Metin Münir

Metin Münir

mmunir@milliyet.com.tr

Tüm Yazıları

1980’lere doğru birçok yaz Ankara’da canım sıkılınca Doğu’ya gittim. Genellikle Van’a uçardım. Orada biraz kaldıktan sonra vapurla karşıya Tatvan’a geçer, dolmuş, otobüs veya taksiyle Bitlis’e ve daha güneye giderdim. Diyarbakır’dan eve dönerdim. Bazen yolculuğa Diyarbakır’dan başlar hudut boyunca gidip Van’dan geri uçardım.
Plansız gezilerdi bunlar. Çoğu zaman, döndükten sonra yazı bile yazmazdım. Sanırım orasını görmek kadar Ankara’dan kaçmak rol oynuyordu bu yolculuklarda.
Akşam nereye varırsam orada kalır, yatak çarşaflarının birkaç haftada bir değiştirildiği otellerde yatardım.
Bitlis’te çarşaflar o kadar pisti ki değiştirilmesini istedim.
“Ne pisi abi” dedi resepsiyoncu çocuk, “Daha geçen hafta değiştirdik.”
O zaman öyleydi.
Doğu tehlikeli, öldürücü hatalıkların kapılabileceği, geri, feodal bir yerdi. Oraya gidilmezdi. Sürgün olunurdu.
“Manyak mısın oğlum, ne arıyorsun oralarda, kesecekler seni” derdi arkadaşlarım.
Asker sivil bürokratlar (ve gazeteciler) için Doğu uzak durulması gereken bir “mahrumiyet bölgesi” idi. Aslında, gerçek Batı ile karşılaştırıldığında, o zamanlar Ankara ve İstanbul gibi yerler de mahrumiyet bölgesiydi ama çoğumuz bunun farkında değildik.
Gerçekte Doğu çok güzel ve ilginçti ve orada yaşayanlar yumuşak ve konukseverdi.
Kaldırımda kısa taburelerin üzerinde siniden kebap yiyen insanların yanından geçerken “Afiyet olsun” dediğimde birisi muhakkak ayağa kalıp elimden çekerek beni sofraya oturtmaya çalışırdı.
O zamanlar sınır delik ve kolaydı. Saç tıraşı olmak için Irak’a geçenler vardı. Omuzunda makineli tabanca, kız gibi kıkırdayan gençler gördüm.

Haberin Devamı

Kervan yolda düzülür!
1970’lerde bir sabah Ecevit kalkıp Doğu’da her köye yol yapılmasını emretti.
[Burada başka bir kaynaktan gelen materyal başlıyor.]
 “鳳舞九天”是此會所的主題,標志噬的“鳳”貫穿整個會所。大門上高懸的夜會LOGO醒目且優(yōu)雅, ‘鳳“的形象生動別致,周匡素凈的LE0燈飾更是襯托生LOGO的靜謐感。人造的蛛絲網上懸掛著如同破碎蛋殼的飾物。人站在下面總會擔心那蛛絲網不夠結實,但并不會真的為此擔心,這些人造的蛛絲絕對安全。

Rahmetli ani kararlar alan, heyecanlı, fevri, sinirli bir tipti. Devletin bütün buldozerleri, greyderleri, kamyonları falan Doğu’ya yollandı.
O günlerde oralarda dolanırken bunlardan birini izlemeye karar verdim. Taksi, ağaçsız bir dağın çevresinde kıvrılan yeni açılmış bir yolu izlemeye başladı. İyice yükseldikten sonra bir dozere rastladık. Sadece damları görünen bir köy veya mezraya yüz metre kadar yaklaşmıştı.
Taksiden inip olgunlaşan meyveleri altına düşmüş bir armut ağacının yanında durdum.
Dozerden 10-15 metre ileride, birbirine sokulmuş, fısıldaşan altı ile on yaşları arasında kızlı erkekli beş altı çocuk vardı. Araç kepçesini zemine indirip gürültüyle çalışmaya başlayınca çocuklar arkalarına bakmadan kaçıyor, durunca geri dönüp buldozere yaklaşıyorlardı. Buldozer çalışmaya başlayınca gene kaçış başlıyordu.
Gördükleri ilk motorlu araçtı ve o güne kadar duydukları en büyük gürültüyü çıkarıyordu.
Ne oldu?
Yollar asfaltlanmadı. Kış gelince kamyonlar, greyderler ve buldozerler bir daha dönmemek üzere üslerine döndüler. Sel ve kar yolları göçertti. Yapılan iş yapılmamış gibi oldu.
Bu güne kadar Doğu’da yapılan girişimlerin hepsi bastırma amaçlı askeri yapılanmalar hariç Ecevit’in yol projesi gibidir: Plansız, gönülsüz, göstermelik, kısa vadeli ve öze taalluk etmeyen.
“Kervan yolda düzülür” cinsinden.
“Kervan yolda düzülür” prensibi Türklerin kendileri için icat ettiği en büyük tuzaklardan biridir.
Kervan yolda düzülmez. Yolculuğa çıkmadan önce düzülür.
Yolda dağılan, kervanın yolda düzüldüğünü sananlardır.